DIRECTIONS:
Once the pictures are set aside, retype the remaining entries exactly.

Records from a collection
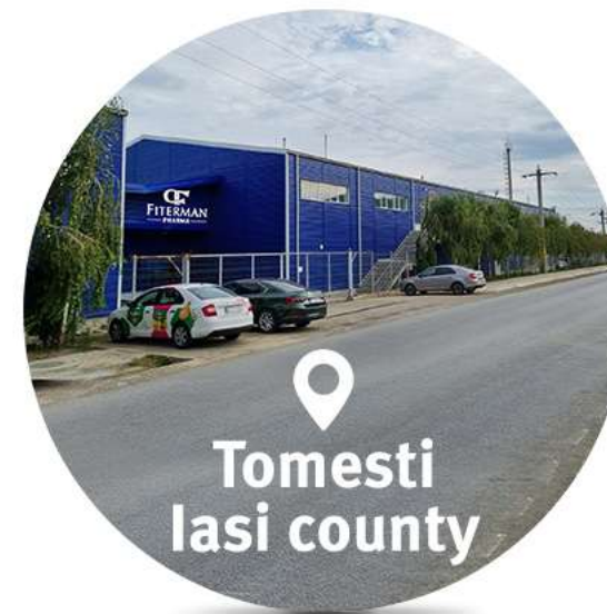
Manufacturing plant dedicated to liquid and semi-solid forms
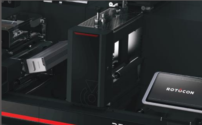
Die Cutting / Matrix Removal

RFP C-SERIES FLEXO PRESS 350C • 450C • 530C • 660C
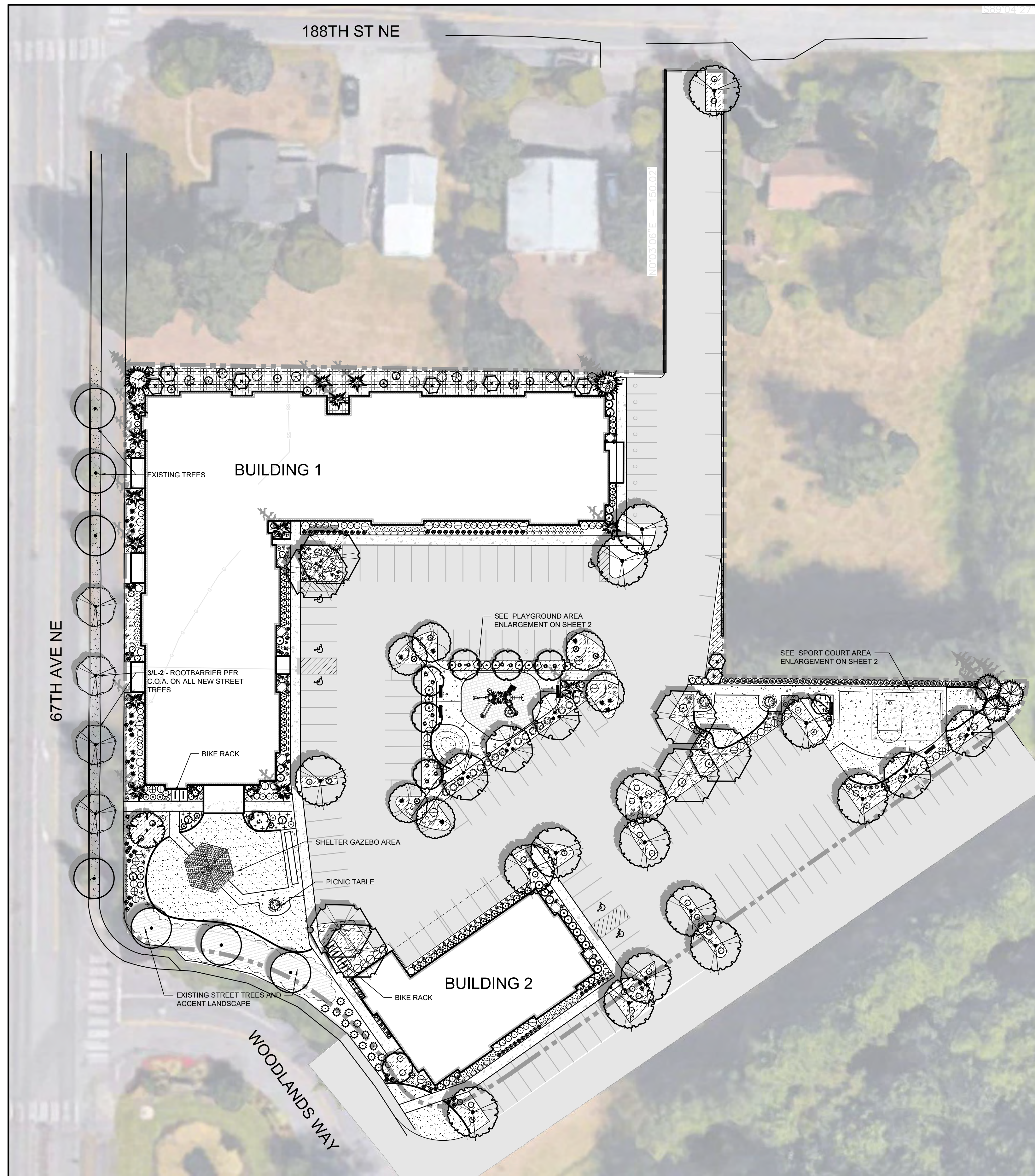
PLANTING PLAN 1" = 30'
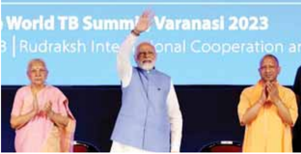
global model for ending TB..." he said.

Under 'TB Mukta Panchayat Abhiyan' members of the local bodies are sensitised and trained about the disease, with them aiding the government's implementation of the programme and achieving TB free status while the nation-wide rollout of a 3-month preventive treatment for those at risk of developing TB aims to reduce the course of treatment from the previous six months and replace the daily pills with a once-a-week medicine regimen.
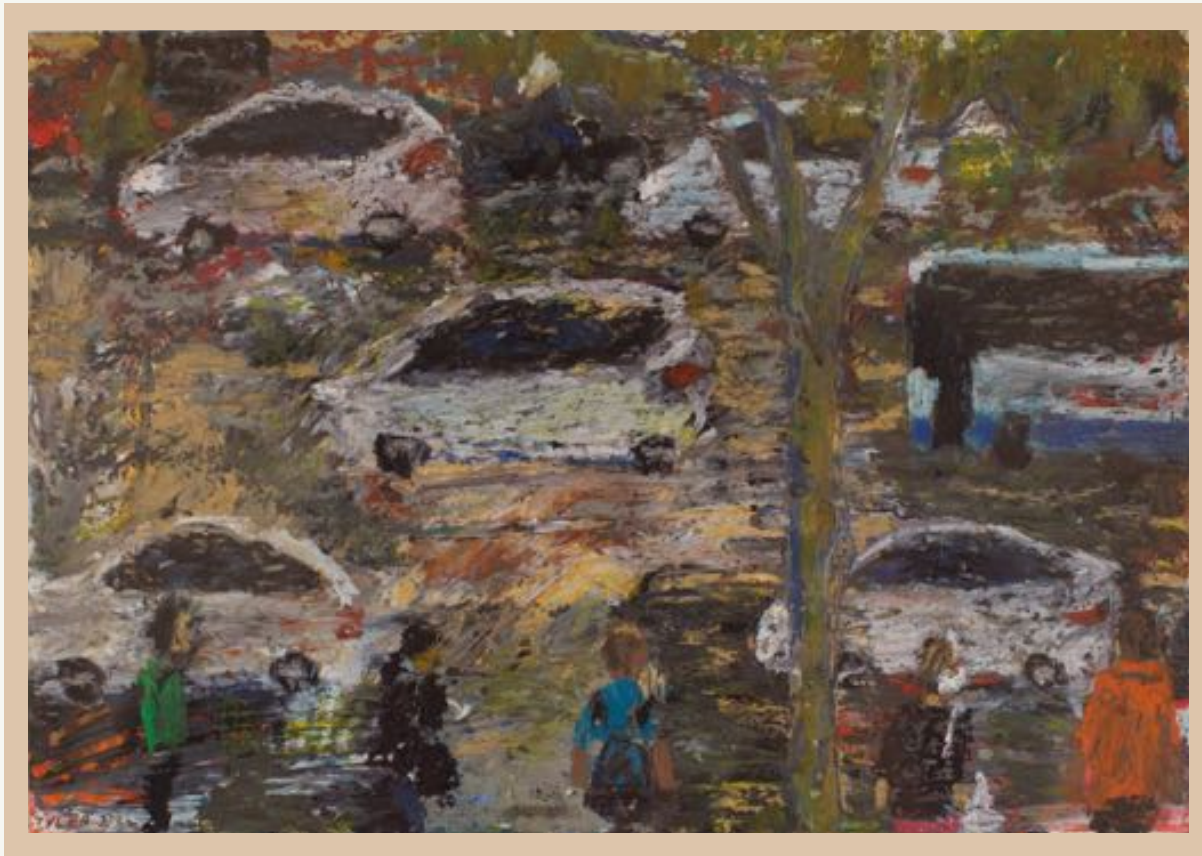
Waiting for Bus
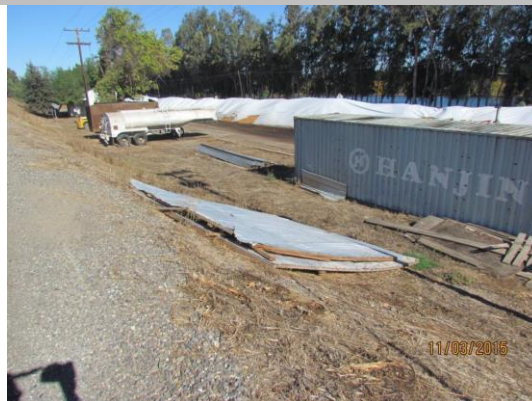
View of the metal roof laying on the landside slope.

LS : Land Side N/A : Not Applicable WS : Water Side CR : Crown
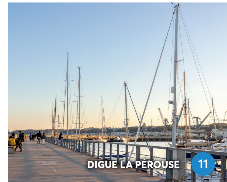
DIGUE LA PÉROUSE 11

OFFICE DE TOURISME ET DES CONGRÈS BREST métropole FROM SEPTEMBER TO JUNE Monday to Saturday : 9:30 - 18:00 On Tuesday : 10:00 - 18:00 On Saturday : 10:00 - 13:00 On Sunday : 10:00 - 17:00 Closed on Sunday, 01/05, 01/11 and 11/11, 25/12 and 01/01 JULY AND AUGUST Monday to Saturday : 9:30 - 19:00 On 15/08 : 9:30 - 19:00 From 12 to 17/07 Every day : 9:00 - 20:00 THE MARITIME FESTIVAL
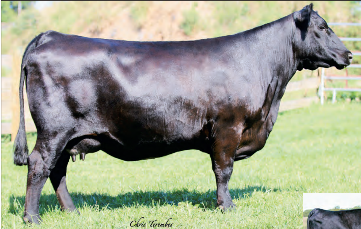
Chris Terembes QUAKER HILL BLACKCAP 3N23 - The dam of Lots 4-8, 17, 39 and 45.
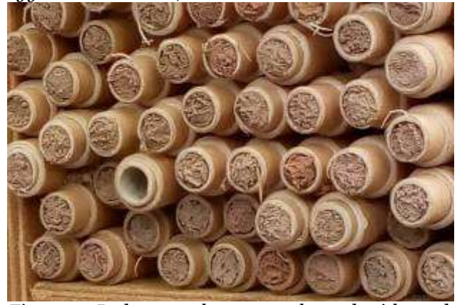
Figure 2. Red mason bee nests plugged with mud. When the cells are finished, the nest entrance is sealed with a plug made of mud or leaves, depending on the species (Figure 2). The eggs soon hatch and the larvae develop by eating the pollen and nectar mixture (bees) or prey (wasps). The larvae then pupate, and after a period of dormancy, which may extend to the

Figure 1. Three brooding cells from a red mason bee nest. Each cell contains pollen-nectar provisions and an egg. Male bees emerge first, therefore their eggs are laid last, closer to the nest entrance.
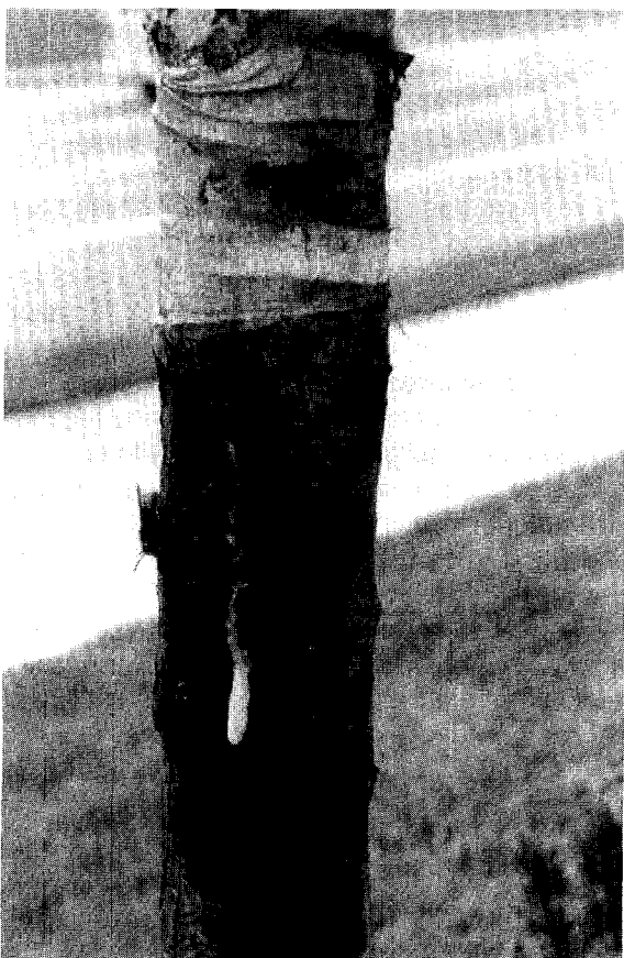
Figure 3. This tree may have been predisposed to insect and disease attack as a result of tree wrap left inappropriately attached (with tape) for too long a period of time

Many members, under appropriate circumstances, try to discourage the use of materials in situations where they feel they are unnecessary or detrimental. When materials are used, their use is generally temporary, with actual or recommended removal being most often after one year. The major exception was when materials were used for purely physical protection against damage from animals, lawn maintenance equipment,

EXPECTED OUTPUT:
Manufacturing plant dedicated to liquid and semi-solid forms
Die Cutting / Matrix Removal

RFP C-SERIES FLEXO PRESS 350C • 450C • 530C • 660C
PLANTING PLAN 1" = 30'
global model for ending TB..." he said.

Under 'TB Mukta Panchayat Abhiyan' members of the local bodies are sensitised and trained about the disease, with them aiding the government's implementation of the programme and achieving TB free status while the nation-wide rollout of a 3-month preventive treatment for those at risk of developing TB aims to reduce the course of treatment from the previous six months and replace the daily pills with a once-a-week medicine regimen.
Waiting for Bus
View of the metal roof laying on the landside slope.

LS : Land Side N/A : Not Applicable WS : Water Side CR : Crown
DIGUE LA PÉROUSE 11

OFFICE DE TOURISME ET DES CONGRÈS BREST métropole FROM SEPTEMBER TO JUNE Monday to Saturday : 9:30 - 18:00 On Tuesday : 10:00 - 18:00 On Saturday : 10:00 - 13:00 On Sunday : 10:00 - 17:00 Closed on Sunday, 01/05, 01/11 and 11/11, 25/12 and 01/01 JULY AND AUGUST Monday to Saturday : 9:30 - 19:00 On 15/08 : 9:30 - 19:00 From 12 to 17/07 Every day : 9:00 - 20:00 THE MARITIME FESTIVAL
Chris Terembes QUAKER HILL BLACKCAP 3N23 - The dam of Lots 4-8, 17, 39 and 45.
Figure 2. Red mason bee nests plugged with mud. When the cells are finished, the nest entrance is sealed with a plug made of mud or leaves, depending on the species (Figure 2). The eggs soon hatch and the larvae develop by eating the pollen and nectar mixture (bees) or prey (wasps). The larvae then pupate, and after a period of dormancy, which may extend to the

Figure 1. Three brooding cells from a red mason bee nest. Each cell contains pollen-nectar provisions and an egg. Male bees emerge first, therefore their eggs are laid last, closer to the nest entrance.
Figure 3. This tree may have been predisposed to insect and disease attack as a result of tree wrap left inappropriately attached (with tape) for too long a period of time

Many members, under appropriate circumstances, try to discourage the use of materials in situations where they feel they are unnecessary or detrimental. When materials are used, their use is generally temporary, with actual or recommended removal being most often after one year. The major exception was when materials were used for purely physical protection against damage from animals, lawn maintenance equipment,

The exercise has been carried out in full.